Это случилось летом 1938-го. Потомственную княжну, ведущую актрису московского театра имени Ермоловой взяли у вагона «Красной стрелы» — Эда с труппой собиралась на гастроли в Ленинград.
«…Самые тяжелые дни в моей жизни. Все время болело сердце, происходящее казалось… ужасным кошмаром».
Даром, что это были не дни – годы. В первый раз Эду осудили на десять лет. Сыну было всего шесть. Мальчик появился на свет с дефектом нёба и верхней губы — пришлось сделать несколько операций, обращаться к логопедам, чтобы научили правильно говорить. А сколько он еще потом пережил!..
Первый тревожный звонок
В 1935 году арестована вместе с мужем, а в 1937-м с ним же и расстреляна младшая сестра Эды. В 1938-м в Воркутинском лагере умер отец — князь Юрий Урусов. В 1939-м — в административной ссылке в Киргизии — мать, графиня Евдокия Урусова. В 1940-м на Колыме смерть настигла мужа Эды – 36-летнего актера Михаила Унковского (внука основателя русской скрипичной школы Льва Ауэра и адмирала Ивана Унковского, командира фрегата «Паллада»).
Неужели виной всему — дворянские корни? По линии отца Эды в роду — Александр Невский, Дмитрий Донской, князья Лопухины. Сам князь Юрий Урусов близко дружил с сыном Льва Толстого Сергеем. Предки матери-графини — писатели Евгений Салиас-де-Турнемир, Александр Сухово-Кобылин, Евгения Тур.

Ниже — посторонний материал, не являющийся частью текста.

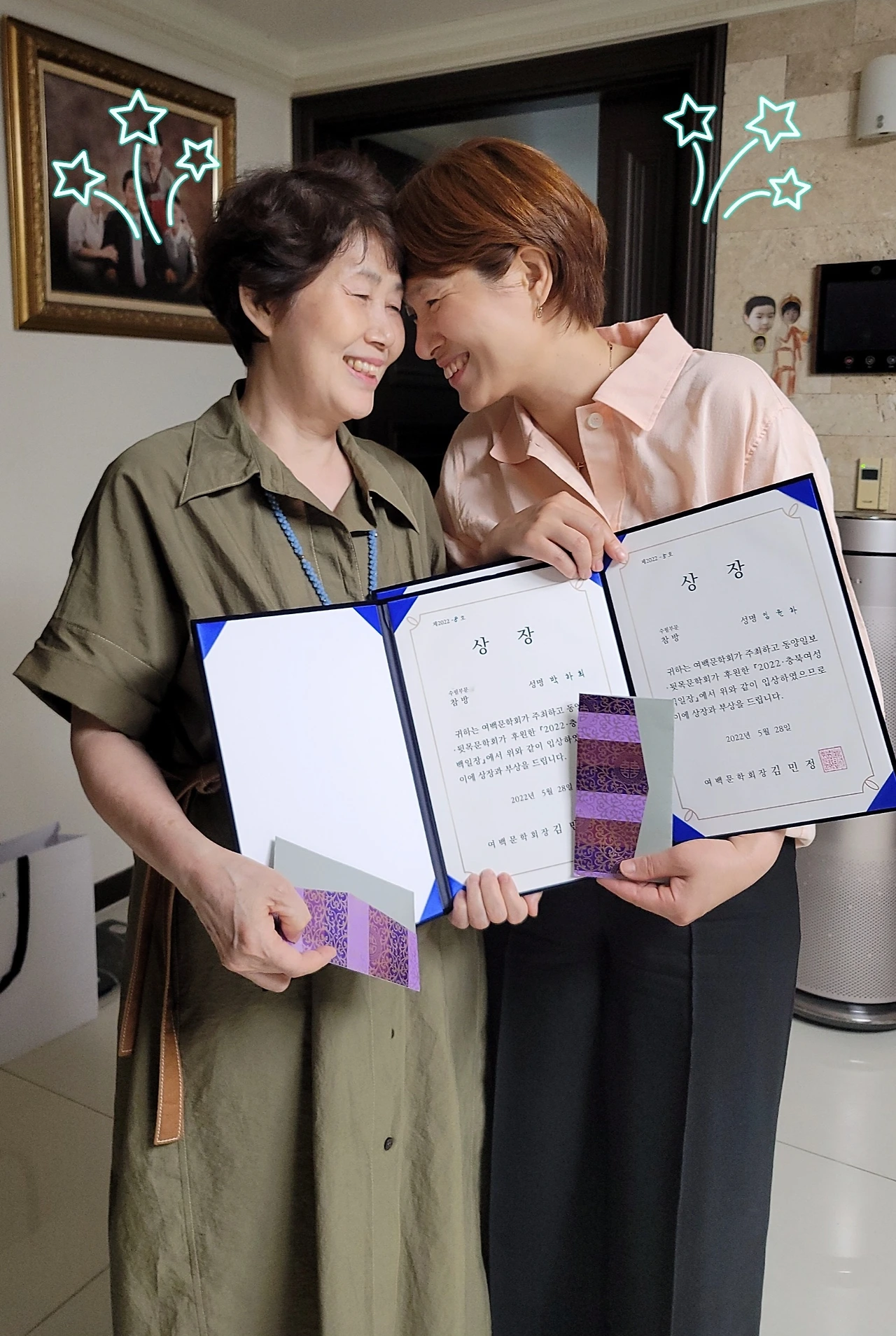 여생백일장에서 모녀가 나란히 수상을 하다.

Эда же с детства мечтала о сцене. С ранних лет пела и учила языки, занималась танцами и верховой ездой. В 1928 году после окончания студии была принята в труппу театра имени Ермоловой. И очень скоро стала ведущей актрисой. За 10 лет — полтора десятка главных ролей.

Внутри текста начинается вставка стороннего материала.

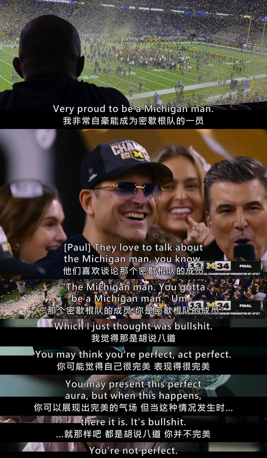 在这部体育类纪录片中,康纳·斯塔利斯首次回应关于密歇根橄榄球队偷拍丑闻的指控

Наверное, это были самые счастливые годы ее жизни. Когда спокойно и на работе, и дома. Она занята в четырех спектаклях, пробует себя в разных жанрах. Муж служит в том же театре. Растет сын...

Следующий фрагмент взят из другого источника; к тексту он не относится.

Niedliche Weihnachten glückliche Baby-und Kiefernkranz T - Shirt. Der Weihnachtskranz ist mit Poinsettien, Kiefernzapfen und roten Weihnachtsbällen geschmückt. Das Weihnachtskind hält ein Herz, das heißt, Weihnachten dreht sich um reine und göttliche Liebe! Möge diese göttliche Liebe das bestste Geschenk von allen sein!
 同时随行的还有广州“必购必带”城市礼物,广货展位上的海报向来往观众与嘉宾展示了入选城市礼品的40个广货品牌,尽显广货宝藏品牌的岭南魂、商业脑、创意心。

Первый тревожный звонок прозвучал в начале 1935-го, когда арестовали отца Эды, младшую сестру Елену и ее мужа Сергея Раевского. Спустя два года супругов расстреляют, сиротой останется маленький сын. Но еще летом 1937-го никто и представить не может, каких масштабов достигнут репрессии. Коллега Василий Качалов подписывает Эде фотокарточку: «…лучшие пожелания». Ей поручают работу в двух новых спектаклях. Эйзенштейн приглашает попробоваться на главную женскую роль в «Александре Невском». В начале 1938-го Эду Урусову представляют к званию Заслуженной артистки РСФСР…
Риск не оправдал себя
А уже весной все рушится. Муж и еще несколько ведущих артистов театра осуждены на 8 лет в ИТЛ. Говорили — все признались в контрреволюционной деятельности и террористических намерениях по отношению к руководителям партии и правительства. Понять это здравомыслящему человеку было невозможно. Родственники репрессированных надеялись: их близкие не виноваты, «наверху» обязательно разберутся, надо только верить и ждать. Сколько из них дождались?..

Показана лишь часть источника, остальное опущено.